Ford's patent app was submitted after the Tweet about dog mode, thus the base concept of dog mode cannot be patented. However, a method of implementing dog mode could still be patented (use of key fob for instance). However, defense of the patent could still fail at the novelty/ non-obviousness criteria (of course dog mode adjusts cabin temperature).

Having submitted a patent application, Ford could then warn Tesla after dog mode was released that they may be infringing on a pending patent, but there is no legal standing until the patent is granted. Once granted though, they could theoretically seek damages back to the point at which they gave notice.

After the whole "Model E" legal threat from Ford years ago, Tesla owes Ford a good smackdown. I would love to see Tesla lawyers go after Ford for this, like rabid dogs (pun intended).
 
This post is prima facie evidence that the nearly ten year history for @adiggs carries with it an unusually clear understanding of our world.
I nominate this post for Moderators' Choice: Posts of Particular Merit

To add perspective I suggest anybody seeking to disqualify Elon Musk might check biographies of Henry Ford, Thomas Edison, Albert Einstein or many other outsized contributors to human advances. It might help to check W A Mozart, as well. With an tiny amount of insight we see that great accomplishments are almost (I say almost only because I am not positive it is actually 'all') never made by well-balanced socially adept people. That does not apply to only men. Marie Curie, Ada Lovelace and Rosalind Franklin come to mind. Without these flawed women we'd have waited longer to have understanding of things such as radioactivity, programming and DNA.

From ancient times great accomplishments-lishmenst have come from flawed people.
Now we have Elon Musk who stands in clear harmony with the great accomplishments of human history. Were he not serious flawed would he have had the ability to develop 'impossible' things?
Same people, same judgements, and still unwilling to take the simple step to separate themselves from the slight to their sensibilities because money, unfulfilled emotional needs and personal *cough* flaws. If only they could recognize their own flaws as swiftly and deeply as the flaws of others and actually go about doing something productive to correct them.

And no, for those dimwits about to assume I must thusly support everything tweeted, no I do not.

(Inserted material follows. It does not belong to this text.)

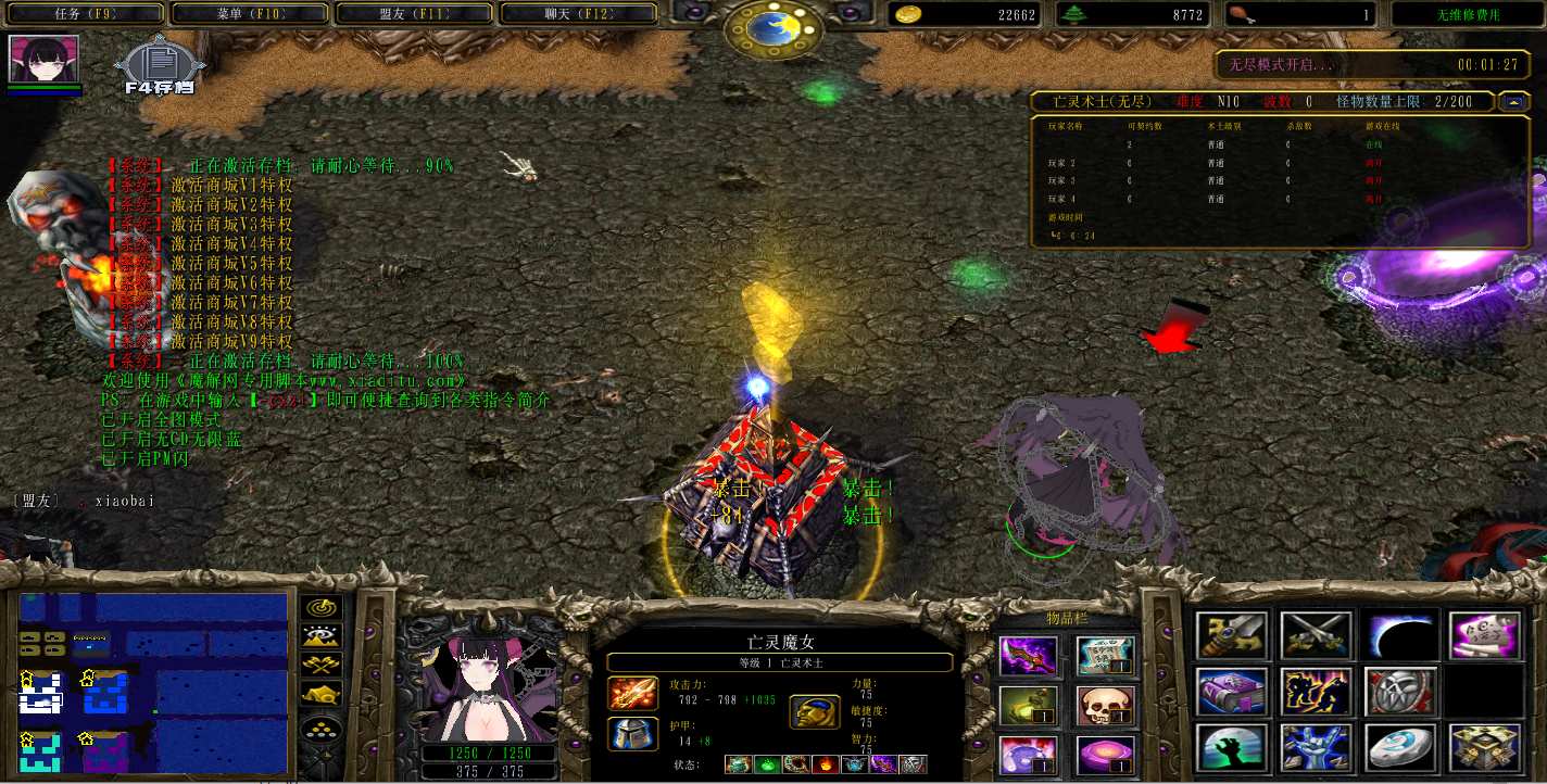 地图名字:亡灵术士1.0.43地图下载+全商城特权+全存档+无CD+指令功能

The cat prefers to accept that which it can not control and continue to work toward reducing dog overpopulation.
 

"Tesla Stock Just Received a Warning From Albemarle Earnings"​

So Tesla is in this headline because their batteries, like all other EV batteries, use lithium. Is that the only reason?

Albemarle declared a proforma earnings beat of $1 per share, but a GAAP loss. Their cash burn has gone up to $600M per quarter, while their revenues are flat.

Completely the opposite situation from Tesla. Tesla is benefitting from operational leverage, its GAAP earnings are growing faster than the company's (already impressive) production growth, and its R&D expenses are flat.

But, "lithium". Hey, that's the same right? /s

Cheers!
 
Daniel what year did you purchase your car? Was it totaled in a collision, traded in, or sold? Or is it possible we are just talking about the number of years in the past and Tesla can't time travel to make you whole?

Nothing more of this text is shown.